Data below:
- Opening Delimiter -

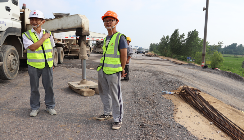 针对工程技术难度大、试验项目多的特点,试验室主任汤云飞多方查阅资料,带领试验人员增加试验检测频率,按照“事前预测、事中控制、事后评估”的方法,严把质量关。工期紧张时,他几乎整天都在拌合站和摊铺现场,试配配合比,采集各项数据, 分析、调整、再试验,每天只能睡上4、5个小时。
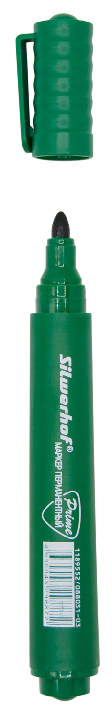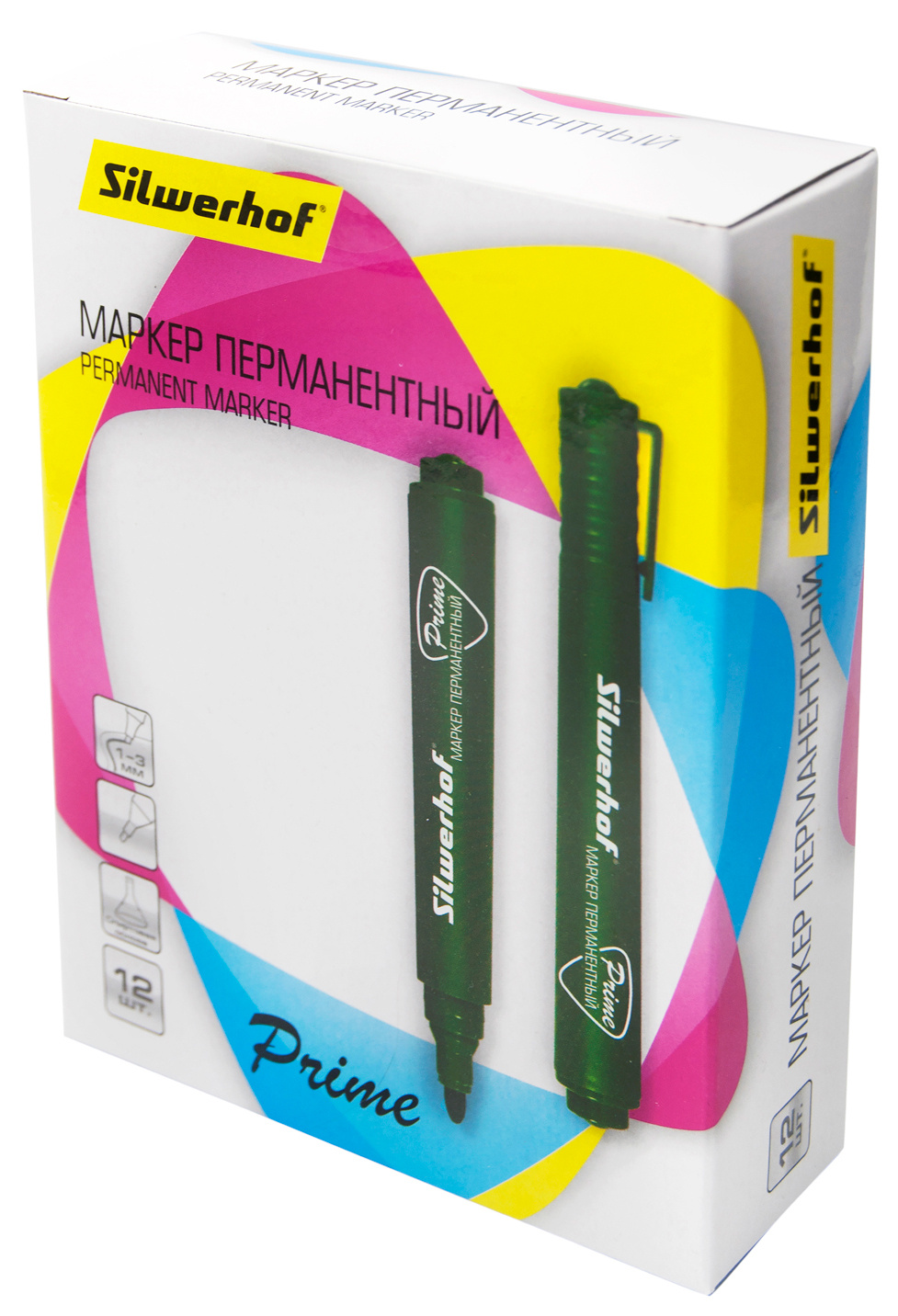 Маркер перманентный Silwerhof Prime пулевидный пиш. наконечник 1-3мм зеленый коробка
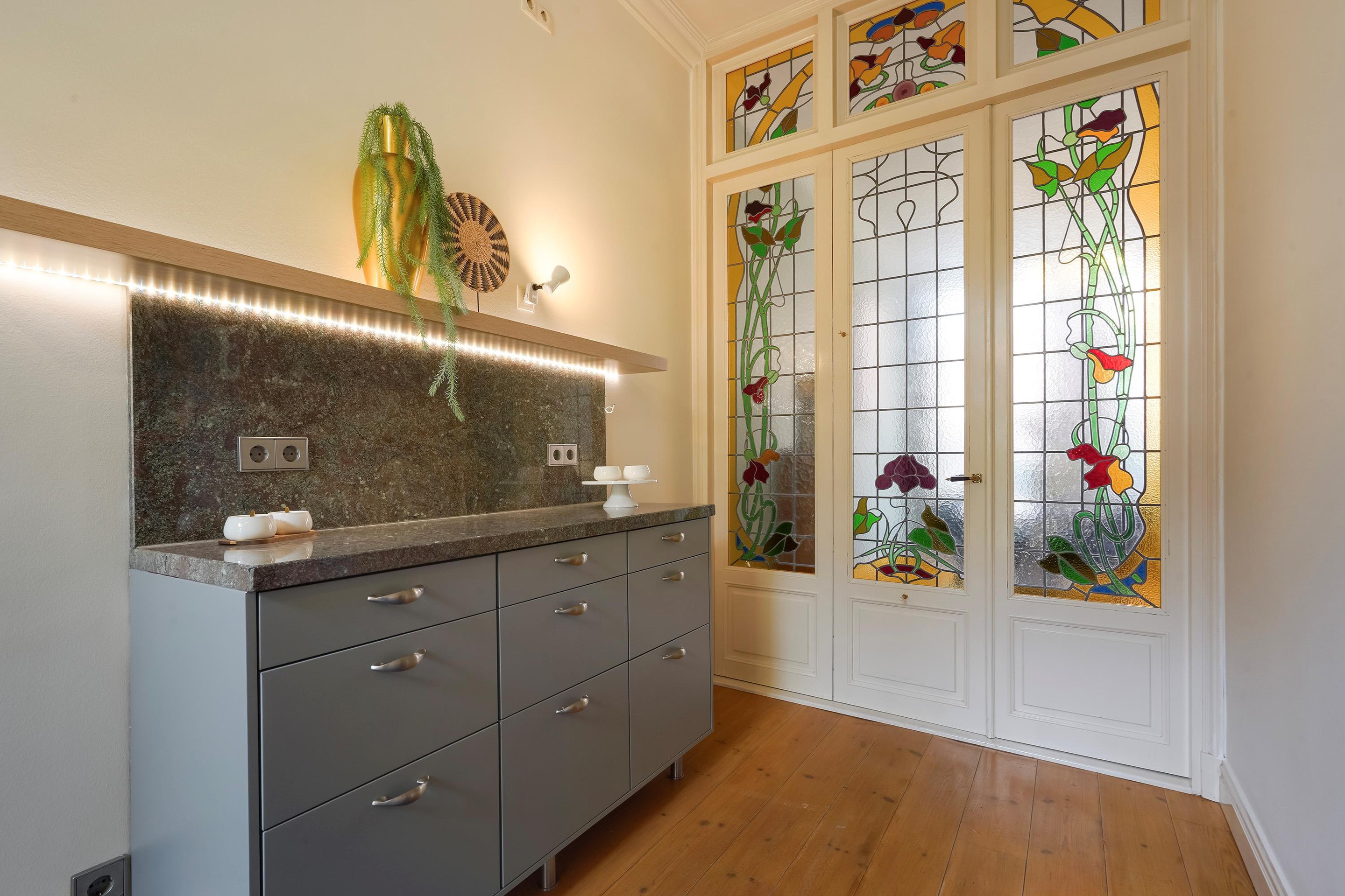 - Diverse originele details, waaronder glas-in-loodramen en klassieke panelen met glas-in-lood
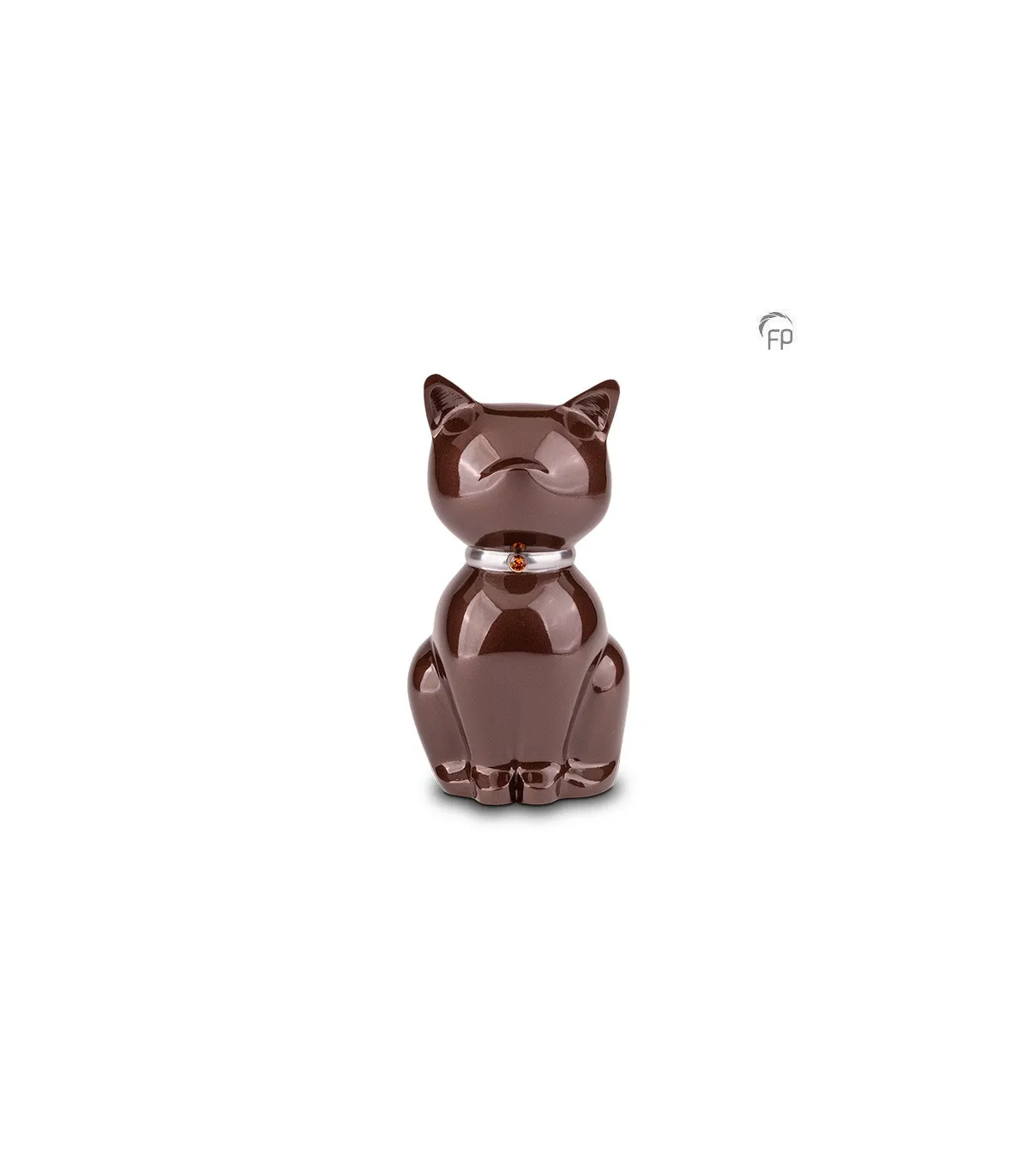 Metalen Dierenurn Nuna Kat Wit met Steentje

- Closing Delimiter -

Task objective:
Nothing but an exact transcription of the material, without pictures, should be returned.

Response area:
 针对工程技术难度大、试验项目多的特点,试验室主任汤云飞多方查阅资料,带领试验人员增加试验检测频率,按照“事前预测、事中控制、事后评估”的方法,严把质量关。工期紧张时,他几乎整天都在拌合站和摊铺现场,试配配合比,采集各项数据, 分析、调整、再试验,每天只能睡上4、5个小时。
 Маркер перманентный Silwerhof Prime пулевидный пиш. наконечник 1-3мм зеленый коробка
 - Diverse originele details, waaronder glas-in-loodramen en klassieke panelen met glas-in-lood
 Metalen Dierenurn Nuna Kat Wit met Steentje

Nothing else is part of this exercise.